Source: http://blog.csdn.net/u013235478/article/details/53178657

Mycat from entry to abandonment

 

1. Non-sharded field query

The routing result in Mycat is determined by the sharding field and sharding method . For example, a Mycat sub-library scheme in the following figure:

  • Fragmentation based on the id field of the tt_waybill table
  • The sharding method is the modulo of the id value of 3 , and a shard in DB1, DB2, and DB3 is determined according to the modulo value.

Non-sharded field query

If there is an id field in the query condition, the query will fall to a specific shard.
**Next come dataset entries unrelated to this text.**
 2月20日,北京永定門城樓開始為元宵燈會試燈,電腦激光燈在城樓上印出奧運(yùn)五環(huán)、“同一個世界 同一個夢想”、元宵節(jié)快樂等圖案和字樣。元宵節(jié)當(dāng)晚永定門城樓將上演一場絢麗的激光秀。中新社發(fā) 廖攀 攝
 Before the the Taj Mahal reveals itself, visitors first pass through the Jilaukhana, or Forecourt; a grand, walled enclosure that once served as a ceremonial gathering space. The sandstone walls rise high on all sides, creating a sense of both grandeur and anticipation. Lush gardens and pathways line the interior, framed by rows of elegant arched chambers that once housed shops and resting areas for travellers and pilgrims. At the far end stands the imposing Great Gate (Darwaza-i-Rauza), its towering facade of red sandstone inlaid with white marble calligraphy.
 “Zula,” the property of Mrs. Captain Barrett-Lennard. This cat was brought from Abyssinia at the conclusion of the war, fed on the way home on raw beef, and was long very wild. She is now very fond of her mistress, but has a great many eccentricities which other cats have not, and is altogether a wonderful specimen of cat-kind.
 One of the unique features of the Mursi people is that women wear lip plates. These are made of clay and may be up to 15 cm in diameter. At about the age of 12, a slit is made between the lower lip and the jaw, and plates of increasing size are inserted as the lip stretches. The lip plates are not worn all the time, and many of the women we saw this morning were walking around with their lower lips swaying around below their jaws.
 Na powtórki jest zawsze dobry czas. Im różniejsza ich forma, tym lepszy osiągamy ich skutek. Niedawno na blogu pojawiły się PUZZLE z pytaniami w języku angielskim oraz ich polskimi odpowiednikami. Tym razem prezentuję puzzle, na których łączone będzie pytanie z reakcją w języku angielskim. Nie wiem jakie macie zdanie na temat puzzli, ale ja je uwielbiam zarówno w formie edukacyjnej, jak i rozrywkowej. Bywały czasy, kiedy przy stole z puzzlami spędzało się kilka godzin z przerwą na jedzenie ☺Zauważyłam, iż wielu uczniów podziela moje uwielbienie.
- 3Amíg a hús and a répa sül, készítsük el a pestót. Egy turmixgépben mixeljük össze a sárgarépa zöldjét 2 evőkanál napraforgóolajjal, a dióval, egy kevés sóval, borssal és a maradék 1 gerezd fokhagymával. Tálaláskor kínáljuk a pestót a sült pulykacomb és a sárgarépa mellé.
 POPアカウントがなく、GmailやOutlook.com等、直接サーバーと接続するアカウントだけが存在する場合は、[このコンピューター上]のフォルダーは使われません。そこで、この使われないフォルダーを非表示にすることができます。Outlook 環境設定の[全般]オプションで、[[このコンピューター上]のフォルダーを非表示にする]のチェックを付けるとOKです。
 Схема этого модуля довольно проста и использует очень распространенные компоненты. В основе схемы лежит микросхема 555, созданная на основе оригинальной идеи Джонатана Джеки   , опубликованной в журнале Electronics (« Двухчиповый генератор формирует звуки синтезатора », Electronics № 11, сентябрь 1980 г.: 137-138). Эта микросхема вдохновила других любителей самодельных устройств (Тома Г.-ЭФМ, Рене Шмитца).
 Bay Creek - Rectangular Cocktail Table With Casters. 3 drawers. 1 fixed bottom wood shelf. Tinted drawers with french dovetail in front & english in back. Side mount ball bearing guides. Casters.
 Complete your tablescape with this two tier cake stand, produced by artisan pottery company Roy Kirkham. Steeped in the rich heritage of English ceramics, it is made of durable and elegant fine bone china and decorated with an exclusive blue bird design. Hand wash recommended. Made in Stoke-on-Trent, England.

E.g:

mysql>select * from tt_waybill where id = 12330;

At this point, Mycat will calculate the routing result

12330 % 3 = 0 –> DB1

And route the request to DB1 for execution.


If there is no fragmentation , for example:

mysql>select * from tt_waybill where waybill_no =88661;

At this point, Mycat cannot calculate the route, so it will be sent to all nodes for execution:

DB1 –> select * from tt_waybill where waybill_no =88661;
DB2 –> select * from tt_waybill where waybill_no =88661;
DB3 –> select * from tt_waybill where waybill_no =88661;

If the sharding field has a high degree of selectivity, it is also a commonly used query dimension in the business. Generally, only one or very few DB nodes are hit (result set is returned). There are only 3 DB nodes in the example, and the number of DB nodes in the actual application is far more than this. If there are 50 DB nodes, then a query in the front end will become 50 queries when it falls on the MySQL database, which will greatly consume Mycat and MySQL. database resource.

If you design to use Mycat with non-sharded field queries, please consider giving up!

2. Paging sort

Let's take a look at how Mycat handles paging operations. If there is the following Mycat sub-database scheme:
a table has 30 pieces of data distributed on 3 sharded DBs, and the specific data distribution is as follows

DB1:[0,1,2,3,4,10,11,12,13,14]
DB2:[5,6,7,8,9,16,17,18,19]
DB3:[20,21,22,23,24,25,26,27,28,29]

(There are no query conditions in the scenario of this example, so it is a full sharding query, and the sharding field and sharding method of the table are not assumed)

pagination

When the application executes the following pagination query

mysql>select * from table limit 2;

Mycat distributes the SQL request to each DB node for execution, and receives the return result of each DB node

DB1: [0,1]
DB2: [5,6]
DB3: [20,21]

But the result set that Mycat returns to the application depends on which DB node returns the result to Mycat first. If Mycat receives the result set of the DB1 node first, then the result set returned by Mycat to the application side is [0,1] , if Mycat receives the result set of the DB2 node first, then the result set returned to the application side is [5, 6] . That is to say, under the same circumstances, the same SQL will have different return results when executed on Mycat.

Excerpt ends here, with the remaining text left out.